My first fish, Massacro. Who I call Acro<3 I just had to get something red. It's my favorite color.  I didn't think he was what I was looking for but then I got him home and I was in love. He's such an adorable fish personality wise. And is not scared of me /at all./ Plus he's such a tiny fish, how can you go wrong? c:










My second fish I didn't think was going to live. And thanks everyone here for helping me pull him through what I think was a really bad ammonia burn. (I wish my flash didn't make the blue in his eyes disappear to yellow. D










He loves this spot in his tank.










A vid I uploaded of him being more energetic to show my friend who was also worried.

http://www.youtube.com/watch?v=RUKjJe4hBNI

And finally, my newest betta. As of yet unnamed. I take a while to name them. Feel free to suggest, but be ready for me to hate your name. LOL I'm so picky. My names all have meaning. c: To me and to the fish. I love this new fish. Even if his dragon scales are messy and not desirable. He looks like a koi fish because of his silly orange patterns that I think will get much more orange with time. (and color enhancing flakes )


































Somewhere I can spam my new obsession, yay.


----------



## coolcucumber (Jan 16, 2011)

Oh goodness. that last one is gorgeous  im so jealous!


----------



## Abby (Jan 13, 2011)

have you got them in these type of tanks:








these are horribly small i have one, i bought it with the intention of putting and owning ONE betta, but i almost threw it out when i got the gravel in and a plant, its soooooooooooooo small.
mind you now i have 5 bettas


----------



## Marona (Jan 31, 2011)

I know. D: I have really limited space, like, really limited space. Just my room. :/ I know it's frowned upon, but I don't plan on keeping him in it his whole life. :c Plus I had him in there for QT while he was sick.


----------



## PewPewPew (Nov 26, 2010)

^As long as you make the due effort to clean it, I see nothing wrong with it.
They have sales from time to time on ten gallon tanks at Petsmart with a hood/light/tank combo that are under $25 and are roughly the same size as what Id imagine the combo of your current tanks are, so you coul divide it by three and have an all-in-one!


----------



## Marona (Jan 31, 2011)

I do. My betta are all very happy and healthy. I think the fact that I nursed Romulus back to health in my small tank shows that he's getting much better treatment.

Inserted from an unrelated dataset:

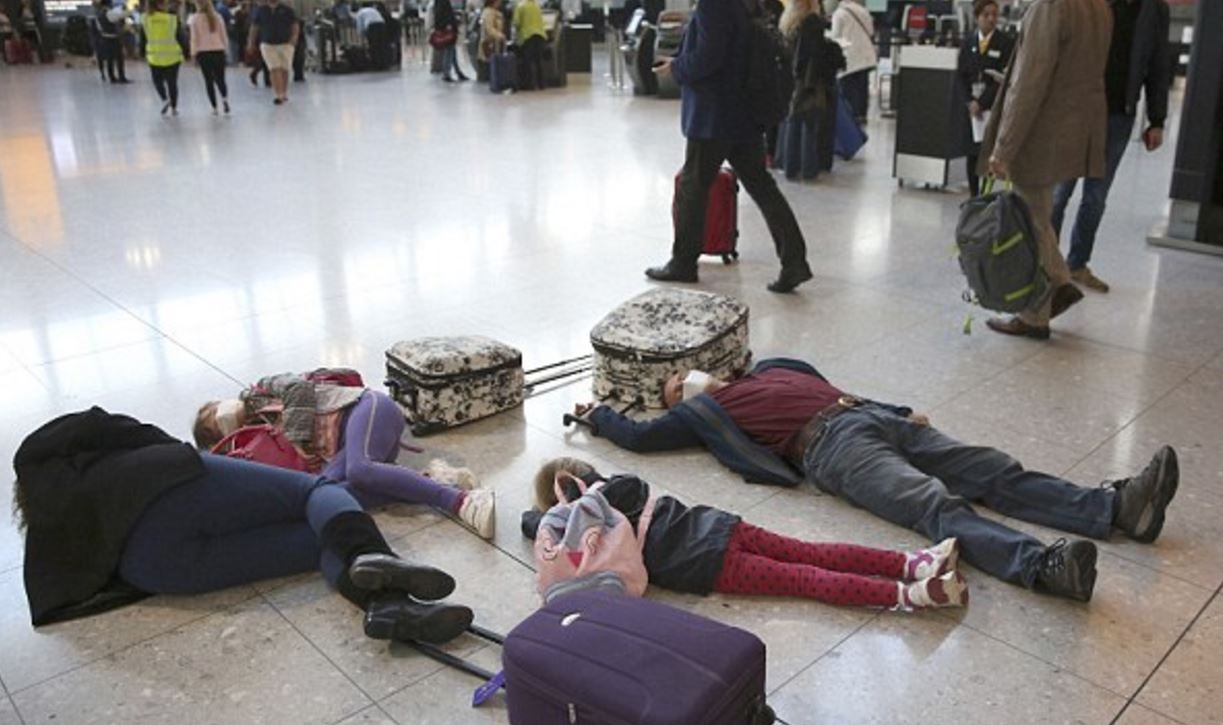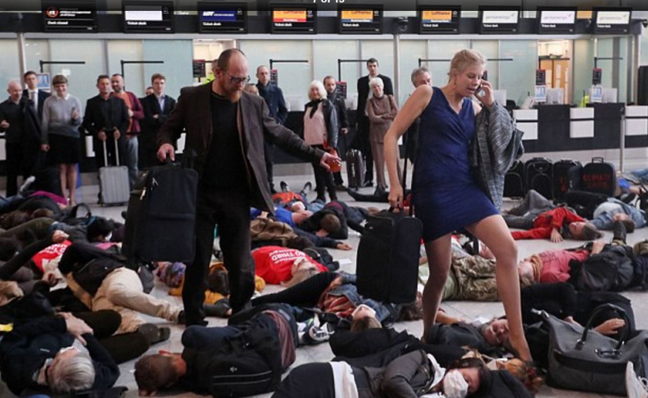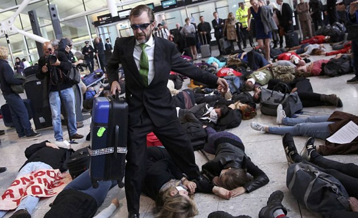 Περισσότεροι από 100 πολίτες διαδήλωσαν σήμερα στο αεροδρόμιο Χίθροου του Λονδίνου, δεκάδες εκ των οποίων υποδύθηκαν τους νεκρούς έχοντας σωριαστεί στο πάτωμα ενός τερματικού σταθμού.

What proves that is I went in to get more plants for my big 5gal and was taking to a lady I usually trust for info (cat info, at least) and she told me doing daily partial water changes (as suggested by OFL) was too much and I was going to do him in for it. I conferred that I was trying to ease what I believe was ammonia burn and she didn't care >:C!

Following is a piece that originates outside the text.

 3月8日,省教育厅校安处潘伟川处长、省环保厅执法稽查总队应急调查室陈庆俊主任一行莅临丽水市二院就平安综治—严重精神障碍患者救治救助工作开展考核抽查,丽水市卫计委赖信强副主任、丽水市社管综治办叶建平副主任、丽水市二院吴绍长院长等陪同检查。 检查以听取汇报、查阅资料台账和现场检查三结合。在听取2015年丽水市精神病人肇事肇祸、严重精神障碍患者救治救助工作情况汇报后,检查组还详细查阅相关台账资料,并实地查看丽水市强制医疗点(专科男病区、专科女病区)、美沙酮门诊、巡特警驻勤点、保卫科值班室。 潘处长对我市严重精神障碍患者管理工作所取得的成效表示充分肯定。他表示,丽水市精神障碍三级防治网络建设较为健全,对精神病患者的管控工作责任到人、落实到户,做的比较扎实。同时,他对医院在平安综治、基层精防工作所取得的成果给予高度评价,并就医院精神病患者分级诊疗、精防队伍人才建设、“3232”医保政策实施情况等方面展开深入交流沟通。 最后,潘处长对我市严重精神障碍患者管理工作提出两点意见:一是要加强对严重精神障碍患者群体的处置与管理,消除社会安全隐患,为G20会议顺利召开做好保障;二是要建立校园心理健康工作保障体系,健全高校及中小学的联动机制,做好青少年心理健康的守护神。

The other worker around there was saying how she thinks her betta lived so long because she didn't clean it too much. And then my usually trusted employee says that people usually clean the tank too much! Ugh! If you take them out properlly it's not stressful. My first betta lets me change his decorations with him in there, he literally swims around my hand asking what I'm doing. God. -flustered-


----------



## Marona (Jan 31, 2011)

Countered* not conferred. Hard to edit on my droid.


----------



## PewPewPew (Nov 26, 2010)

Well, too too many changes can be stressful, yeah- but theyre needed! People with like .5 gals need to do it like crazy, and I know from experience that it freaks them out x_x;

Sometimes pet store employees have good intentions, just wrong information.

(I like to correct them ;D)


----------



## Marona (Jan 31, 2011)

Was just frustrating that she was saying that my changes could have been why he was almost completely unresponsive and wouldn't eat for four days. >:C when the fish I got from my local mom and pop shop were excited and happy when I got them home.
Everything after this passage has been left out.